Beide pflegen seit Jahrzehnten eine enge Beziehung. Als Kohls Kanzlerschaft 1998 zu Ende ging, begann die erste Regierungsperiode des damals 35-jährigen Orbán. Schon damals schätzte Kohl den ungarischen Newcomer als zupackenden Konservativen. Orbán wiederum stand zu Kohl, als der im Jahr 2000 wegen der CDU-Spendenaffäre in der eigenen Partei zu einer Art Paria wurde. Während Angela Merkel die CDU aufforderte, sich von Übervater Kohl zu lösen, erwies Orbán dem Kanzler der Einheit in Budapest die Ehre – und überreichte ihm die Millenniums-Medaille für Staatsmänner, die Ungarn den Weg nach Europa geebnet haben. Kohl, der Zeit seines politischen Lebens in Kategorien wie Treue und Verrat dachte, hat das nie vergessen. Bis heute nennt Kohl den Ungarn seinen „Freund“. So auch in einem Vorwort zur ungarischen Ausgabe seines Appells „Aus Sorge um Europa“. In dem Text, den der Tagesspiegel am Sonntag in gekürzter Fassung veröffentlichte, schreibt Kohl, er sei sich mit Orbán bis heute in Europa-Fragen einig.

Lehnt Kohl Merkels Flüchtlingspolitik ebenso entschieden ab wie Orbán?

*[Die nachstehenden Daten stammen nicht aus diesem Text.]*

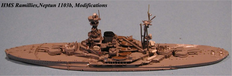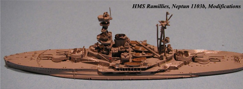 If you are contemplating doing this conversion, however, my advice is: Don’t. Why? Well, this is a good example of a bad plan well executed. The reason is that there is a much simpler alternative: Neptun’s ROYAL OAK. This model, is in pre-war rig, and would require much less work to convert to RAMILLIES, the primary changes being an added portion to the bridge, a different crane, and the removal of the catapult from X turret. All of this would entail significantly less work than what I had to do with this model. The bridgework and crane were already on this model, which is what impelled me to do the conversion; but the alternative would have made more sense.

Zumindest geht er in dem aktuellen Text erkennbar auf Distanz zu Angela Merkels Kurs. So kritisiert er ihren Entschluss vom September 2015, Flüchtlinge aus Ungarn zur Weiterreise nach Deutschland einzuladen. „Einsame Entscheidungen, so begründet sie dem Einzelnen erscheinen mögen, und nationale Alleingänge müssen der Vergangenheit angehören“, schreibt Kohl. Merkel hatte ihr Vorgehen damals nicht mit den EU-Partnern abgesprochen. Zudem betont Kohl die Notwendigkeit zur Begrenzung des Flüchtlingszuzugs und begründet dies auch mit fundamentalen kulturellen Unterschieden. Viele Flüchtlinge kämen „aus unterschiedlichen Kulturkreisen“ und folgten oft „einem anderen als dem jüdisch- christlichen Glauben, der zu den Grundlagen unserer Werte- und Gesellschaftsordnung gehört“. Das führe zu Diskussionen sowie zu Verunsicherungen bei den Menschen. „Es geht um unsere Existenz“, schreibt Kohl. Neben den humanitären Aspekten müsse Europa zugleich „wohlbegründete kulturelle und sicherheitspolitische Interessen berücksichtigen“.